DUI Case Summary: People v. Sturgess

364 Ill. App. 3d 107; 845 N.E.2d 741; 300 Ill. Dec. 852

(As appearing in the Illinois State Bar Association
Traffic Laws and Courts Newsletter
, March 2007, Vol. 16, No. 3)

On August 18, 2002 the Defendant, Catherine Sturgess, was arrested and charged with driving under the influence of alcohol (DUI) and failure to reduce speed to avoid an accident. Prior to trial, she filed a motion to quash arrest and suppress evidence, alleging that the arresting officer lacked probable cause to suspect her of illegal activity. The Court conducted a hearing on the motion simultaneous to a bench trial.
At trial, a witness testified that on August 18, 2002 she was driving her vehicle southbound on Interstate 57 when the vehicle in front and to the right of hers swerved into her lane. The witness steered to avoid a collision and her vehicle came to rest in a construction zone in the northbound lanes.
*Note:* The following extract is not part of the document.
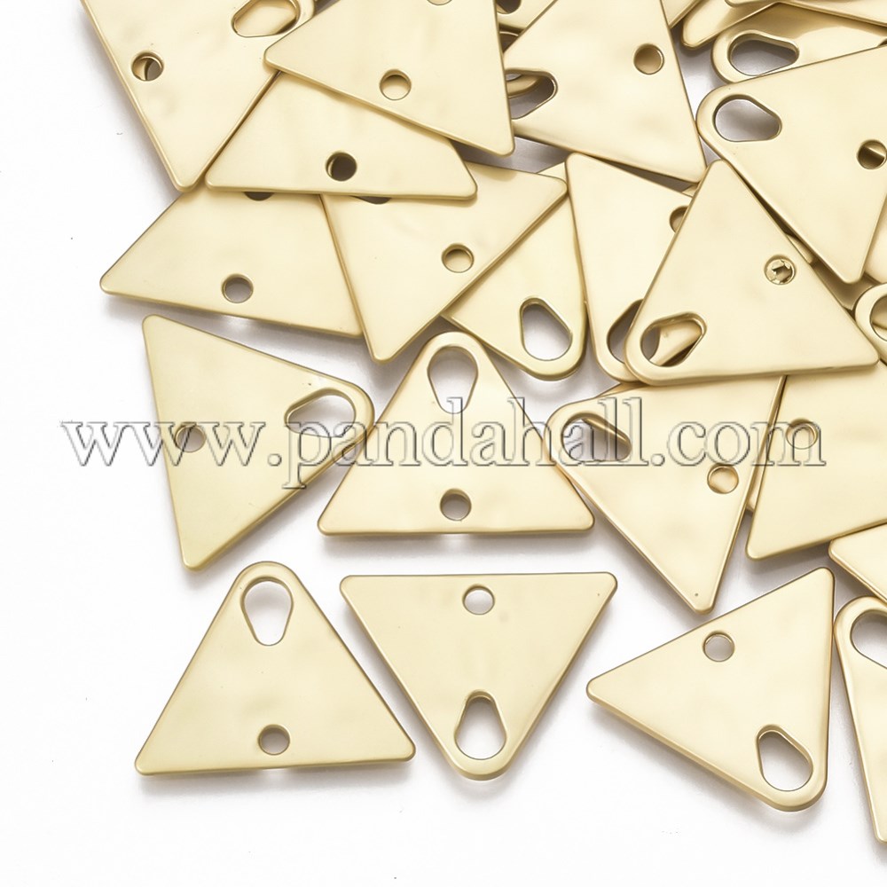 Smooth Surface Alloy Links/Connectors, Triangle, Matte Gold ColorSize: about 14.5mm long, 19mm wide, 1.5mm thick, hole: 1.6~3x4mm.This product is plated with matte gold color firstly, in order to avoid scratching, the surface is sealed with glaze finally, so it’s surface is smooth.

An Illinois State Police Trooper testified that he was called to the scene of the accident and observed the witness’ vehicle in the northbound lanes and a tan Dodge Intrepid obstructing traffic in the southbound lanes. After speaking with the witness, the Trooper requested medical assistance. He observed extensive damage to the right front bumper of the Intrepid, and observed defendant at-tempting to move the vehicle off the highway. Defendant declined medical attention. After defendant moved and exited her vehicle, the Trooper detected a strong odor of alcohol on her breath and noted that her eyes were bloodshot and her speech slurred. The trooper requested that another officer transport defendant to the nearest police station and proceeded to clear the scene of the accident.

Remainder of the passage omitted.